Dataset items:
┌──

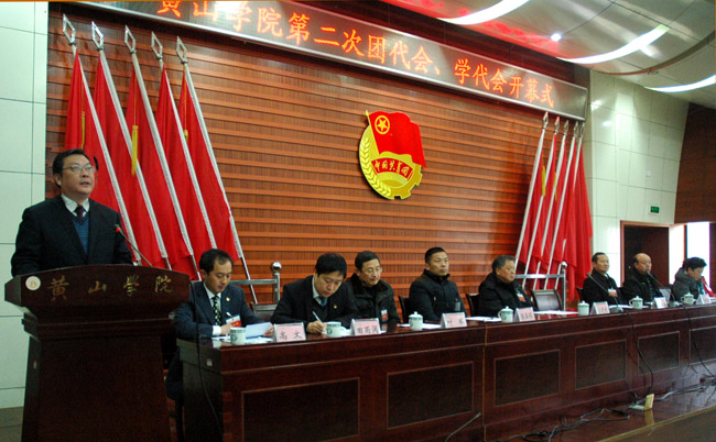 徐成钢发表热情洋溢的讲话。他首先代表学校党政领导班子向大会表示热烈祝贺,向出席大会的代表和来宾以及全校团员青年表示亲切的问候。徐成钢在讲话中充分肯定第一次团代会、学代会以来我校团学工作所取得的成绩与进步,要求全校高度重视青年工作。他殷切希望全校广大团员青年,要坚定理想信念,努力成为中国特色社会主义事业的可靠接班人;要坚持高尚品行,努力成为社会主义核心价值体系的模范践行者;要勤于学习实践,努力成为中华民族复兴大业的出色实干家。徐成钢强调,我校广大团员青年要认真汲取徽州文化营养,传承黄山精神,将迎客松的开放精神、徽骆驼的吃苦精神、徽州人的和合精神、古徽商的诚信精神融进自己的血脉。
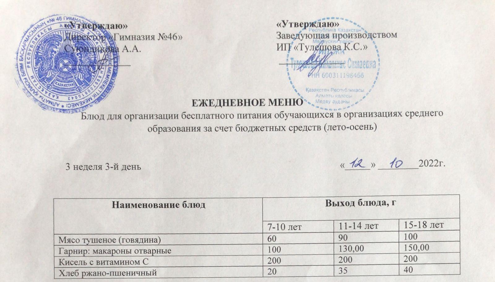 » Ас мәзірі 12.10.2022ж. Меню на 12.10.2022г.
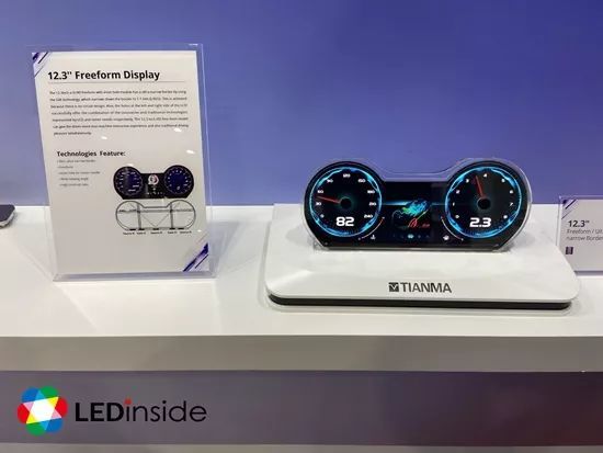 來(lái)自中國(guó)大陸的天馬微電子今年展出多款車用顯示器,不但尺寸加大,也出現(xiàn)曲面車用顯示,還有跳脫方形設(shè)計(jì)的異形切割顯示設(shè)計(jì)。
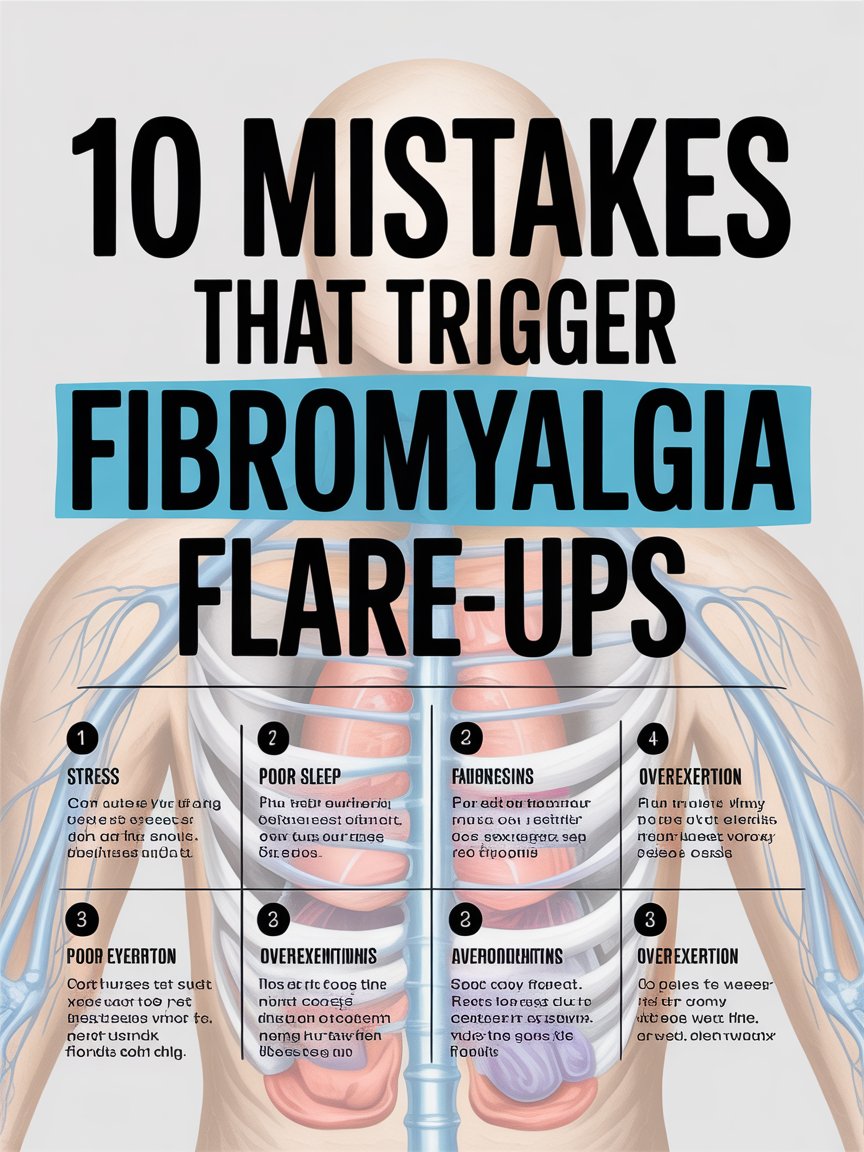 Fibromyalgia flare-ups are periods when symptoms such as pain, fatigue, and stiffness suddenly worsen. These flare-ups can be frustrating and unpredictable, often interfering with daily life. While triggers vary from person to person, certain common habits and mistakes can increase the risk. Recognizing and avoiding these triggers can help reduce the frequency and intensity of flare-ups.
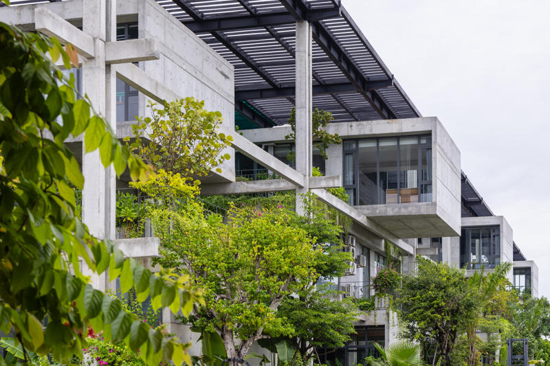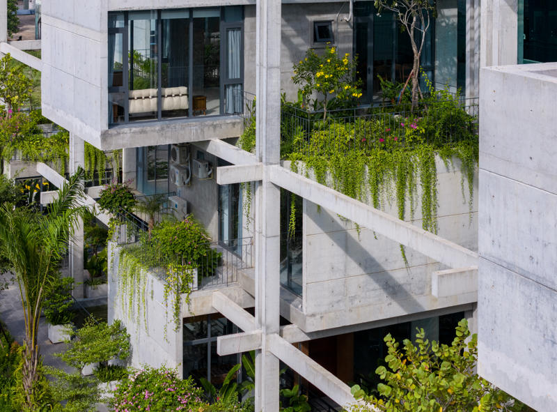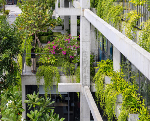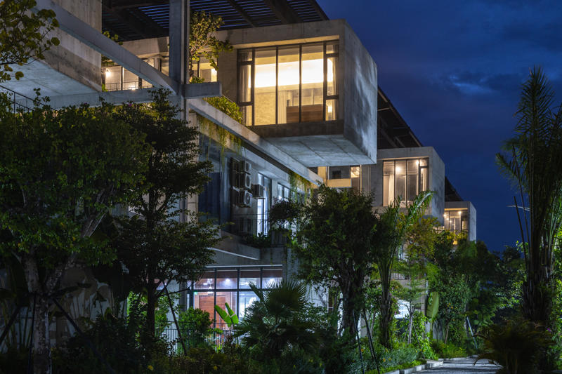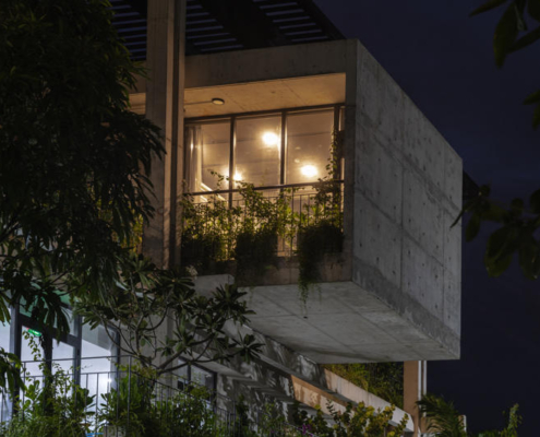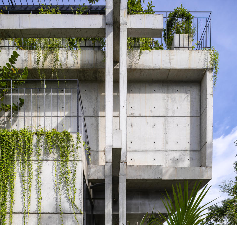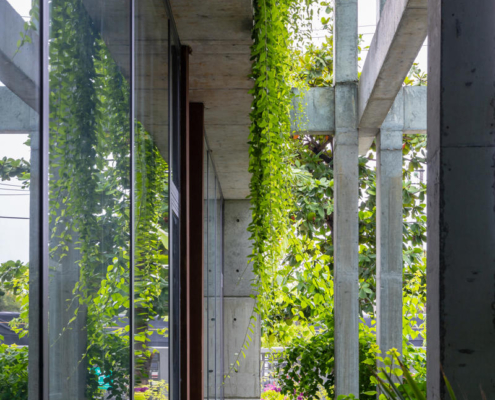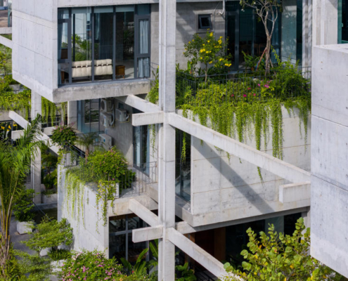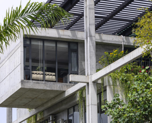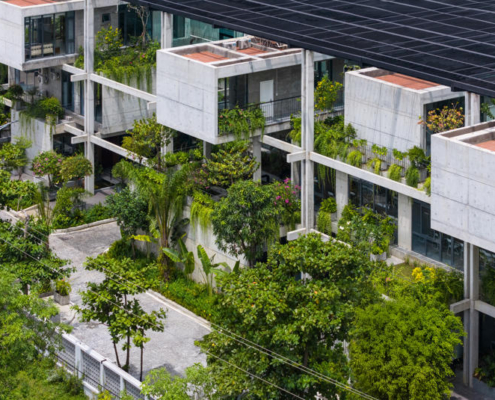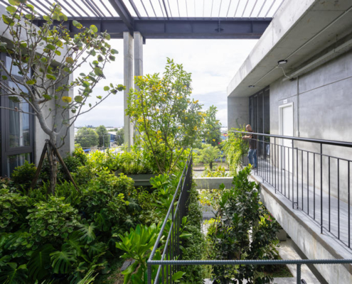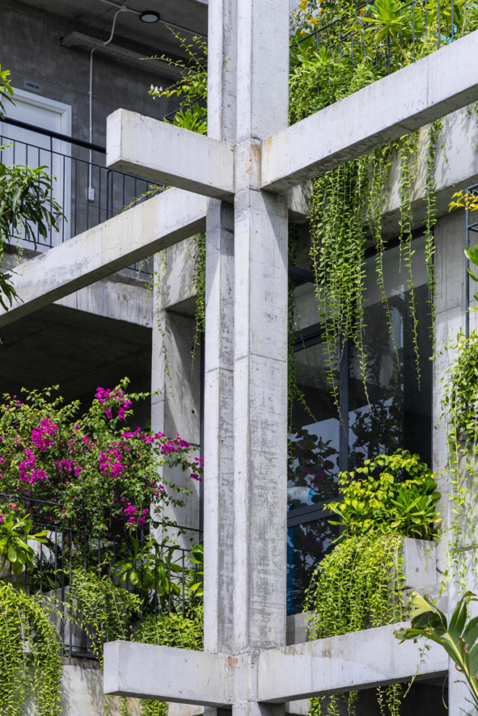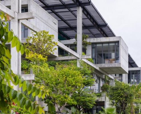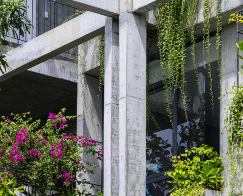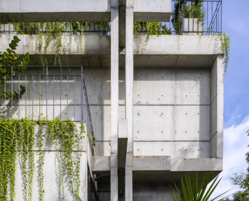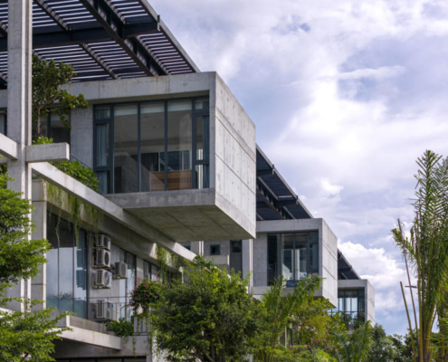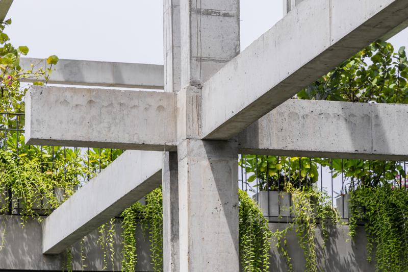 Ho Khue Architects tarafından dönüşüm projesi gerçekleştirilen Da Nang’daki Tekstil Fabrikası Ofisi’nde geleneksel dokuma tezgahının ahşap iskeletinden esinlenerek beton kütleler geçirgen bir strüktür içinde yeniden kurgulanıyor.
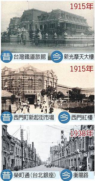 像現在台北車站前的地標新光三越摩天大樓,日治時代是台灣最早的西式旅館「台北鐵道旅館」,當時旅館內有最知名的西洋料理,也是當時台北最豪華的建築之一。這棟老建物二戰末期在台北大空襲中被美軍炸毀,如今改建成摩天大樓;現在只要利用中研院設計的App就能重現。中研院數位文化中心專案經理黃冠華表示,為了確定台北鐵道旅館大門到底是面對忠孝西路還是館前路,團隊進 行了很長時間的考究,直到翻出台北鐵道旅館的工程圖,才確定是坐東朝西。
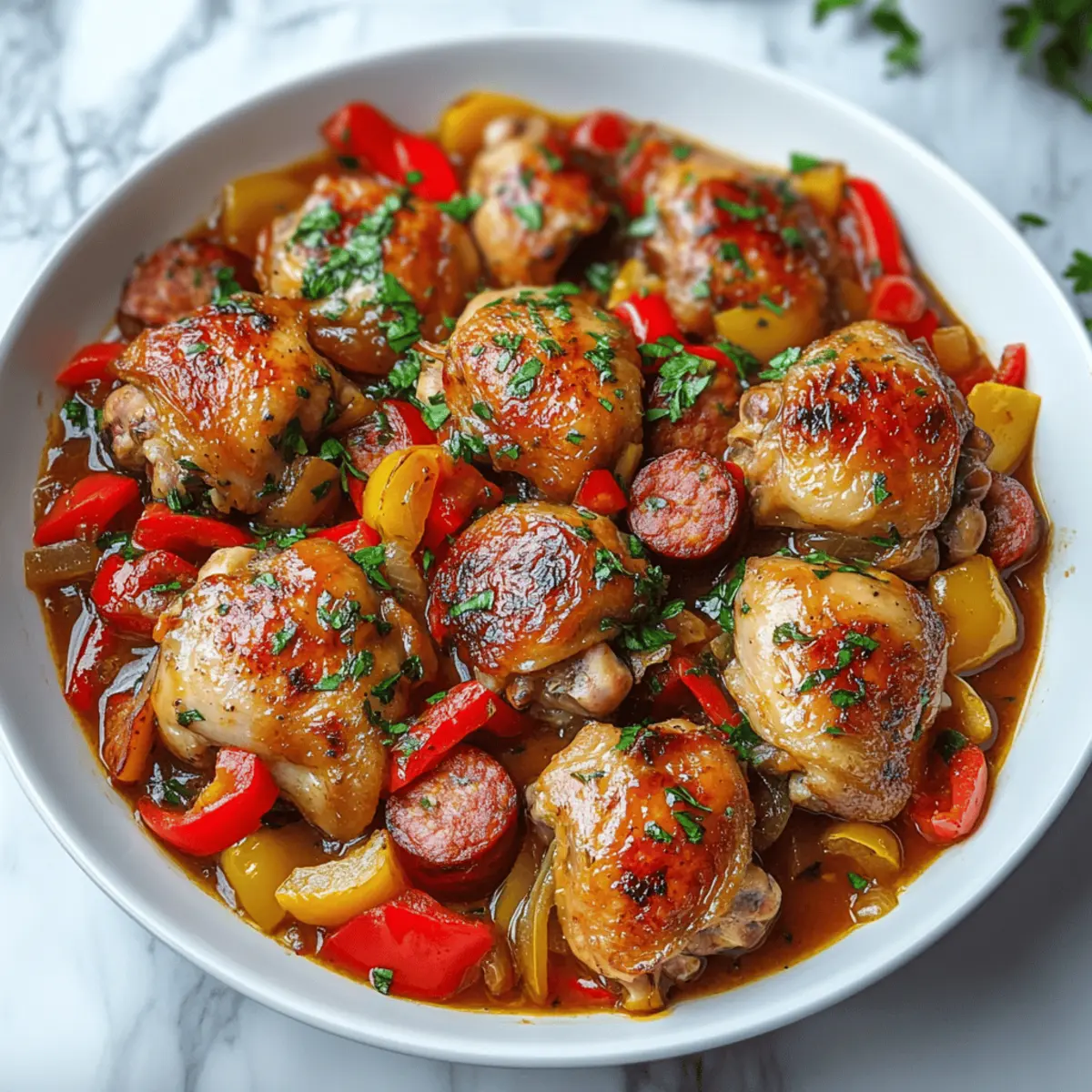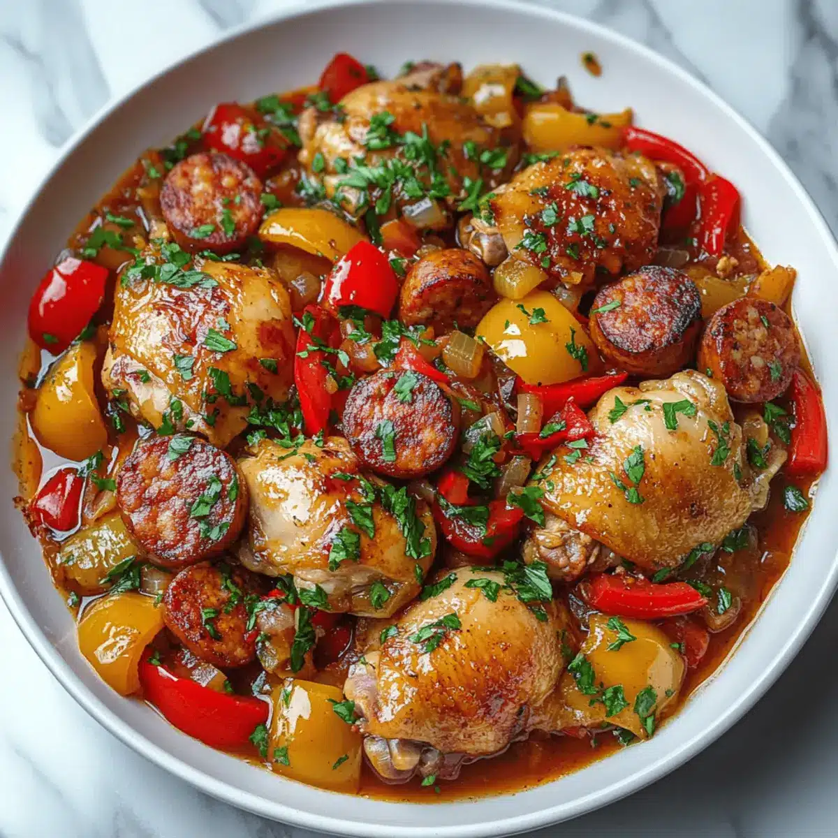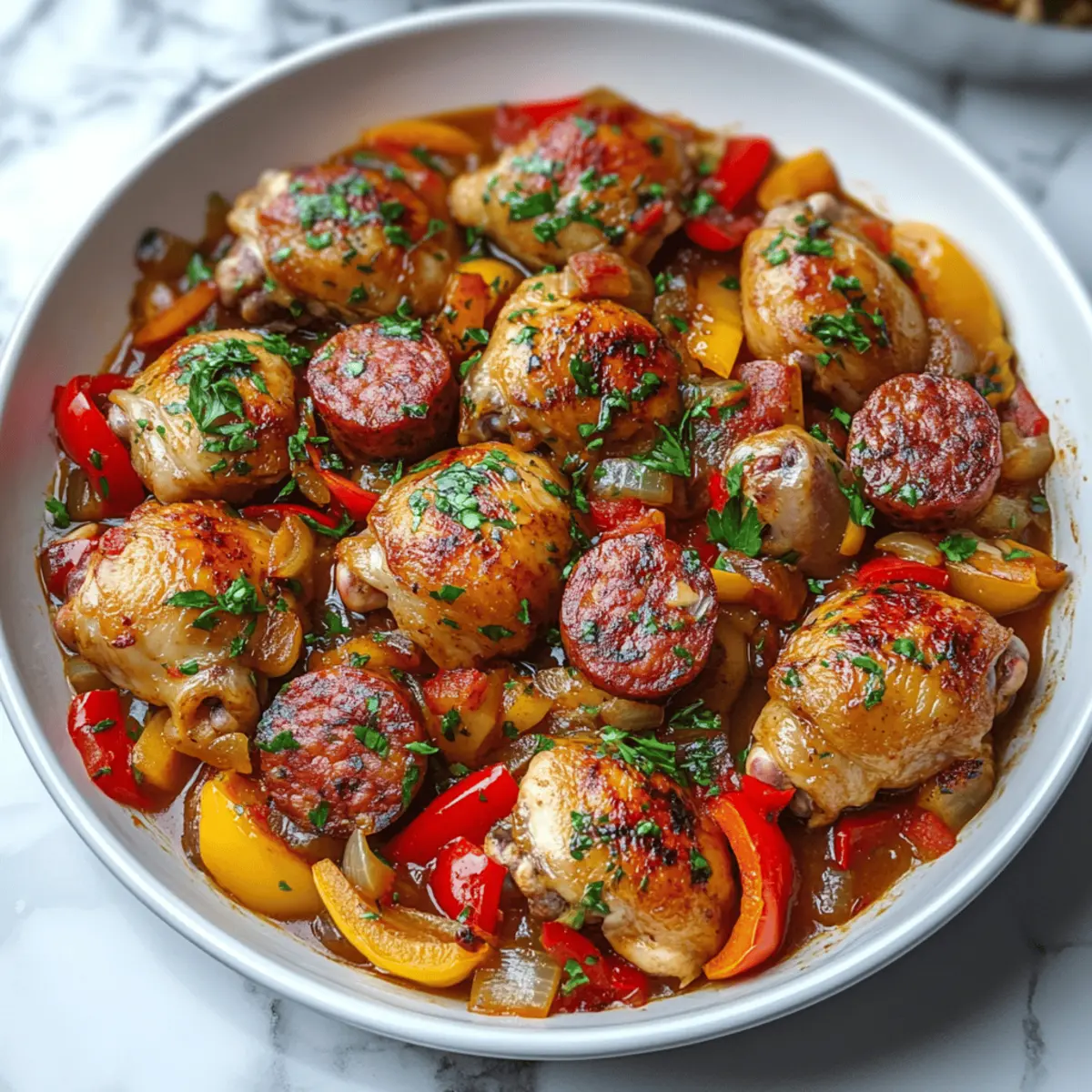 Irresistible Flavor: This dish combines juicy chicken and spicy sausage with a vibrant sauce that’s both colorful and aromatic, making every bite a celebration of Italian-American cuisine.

└──

→ **Assigned task**: The preceding entries are to be written out again exactly, with the pictures removed.

→ **Task result**:
 徐成钢发表热情洋溢的讲话。他首先代表学校党政领导班子向大会表示热烈祝贺,向出席大会的代表和来宾以及全校团员青年表示亲切的问候。徐成钢在讲话中充分肯定第一次团代会、学代会以来我校团学工作所取得的成绩与进步,要求全校高度重视青年工作。他殷切希望全校广大团员青年,要坚定理想信念,努力成为中国特色社会主义事业的可靠接班人;要坚持高尚品行,努力成为社会主义核心价值体系的模范践行者;要勤于学习实践,努力成为中华民族复兴大业的出色实干家。徐成钢强调,我校广大团员青年要认真汲取徽州文化营养,传承黄山精神,将迎客松的开放精神、徽骆驼的吃苦精神、徽州人的和合精神、古徽商的诚信精神融进自己的血脉。
 » Ас мәзірі 12.10.2022ж. Меню на 12.10.2022г.
 來(lái)自中國(guó)大陸的天馬微電子今年展出多款車用顯示器,不但尺寸加大,也出現(xiàn)曲面車用顯示,還有跳脫方形設(shè)計(jì)的異形切割顯示設(shè)計(jì)。
 Fibromyalgia flare-ups are periods when symptoms such as pain, fatigue, and stiffness suddenly worsen. These flare-ups can be frustrating and unpredictable, often interfering with daily life. While triggers vary from person to person, certain common habits and mistakes can increase the risk. Recognizing and avoiding these triggers can help reduce the frequency and intensity of flare-ups.
 Ho Khue Architects tarafından dönüşüm projesi gerçekleştirilen Da Nang’daki Tekstil Fabrikası Ofisi’nde geleneksel dokuma tezgahının ahşap iskeletinden esinlenerek beton kütleler geçirgen bir strüktür içinde yeniden kurgulanıyor.
 像現在台北車站前的地標新光三越摩天大樓,日治時代是台灣最早的西式旅館「台北鐵道旅館」,當時旅館內有最知名的西洋料理,也是當時台北最豪華的建築之一。這棟老建物二戰末期在台北大空襲中被美軍炸毀,如今改建成摩天大樓;現在只要利用中研院設計的App就能重現。中研院數位文化中心專案經理黃冠華表示,為了確定台北鐵道旅館大門到底是面對忠孝西路還是館前路,團隊進 行了很長時間的考究,直到翻出台北鐵道旅館的工程圖,才確定是坐東朝西。
 Irresistible Flavor: This dish combines juicy chicken and spicy sausage with a vibrant sauce that’s both colorful and aromatic, making every bite a celebration of Italian-American cuisine.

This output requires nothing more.